Input data:
=== Begin Enclosure ===

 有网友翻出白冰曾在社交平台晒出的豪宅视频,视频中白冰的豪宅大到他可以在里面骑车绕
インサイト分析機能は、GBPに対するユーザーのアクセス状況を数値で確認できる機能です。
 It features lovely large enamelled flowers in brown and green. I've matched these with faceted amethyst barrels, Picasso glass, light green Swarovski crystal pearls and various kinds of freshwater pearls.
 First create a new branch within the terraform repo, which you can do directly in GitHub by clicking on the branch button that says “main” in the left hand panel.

=== End Enclosure ===
=== Begin Enclosure ===

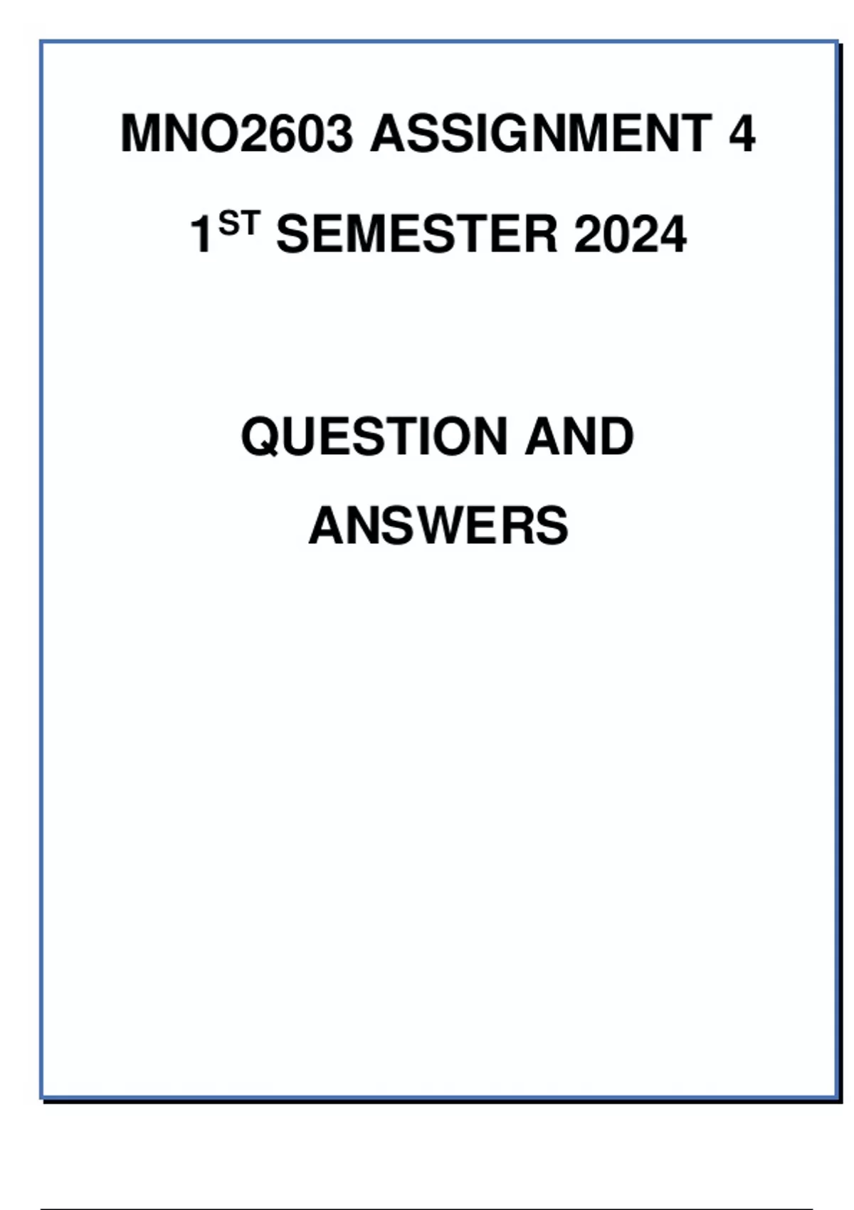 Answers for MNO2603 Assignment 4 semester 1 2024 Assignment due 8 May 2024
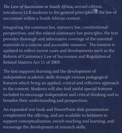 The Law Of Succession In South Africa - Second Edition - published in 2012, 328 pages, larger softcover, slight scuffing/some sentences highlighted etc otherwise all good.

=== End Enclosure ===

Work task: What should come back is an exact copy of the lines above from the line with "Answers for MNO2603" to the line with "The Law Of Succession", both included, minus the pictures.

Solution to this exercise:
 Answers for MNO2603 Assignment 4 semester 1 2024 Assignment due 8 May 2024
 The Law Of Succession In South Africa - Second Edition - published in 2012, 328 pages, larger softcover, slight scuffing/some sentences highlighted etc otherwise all good.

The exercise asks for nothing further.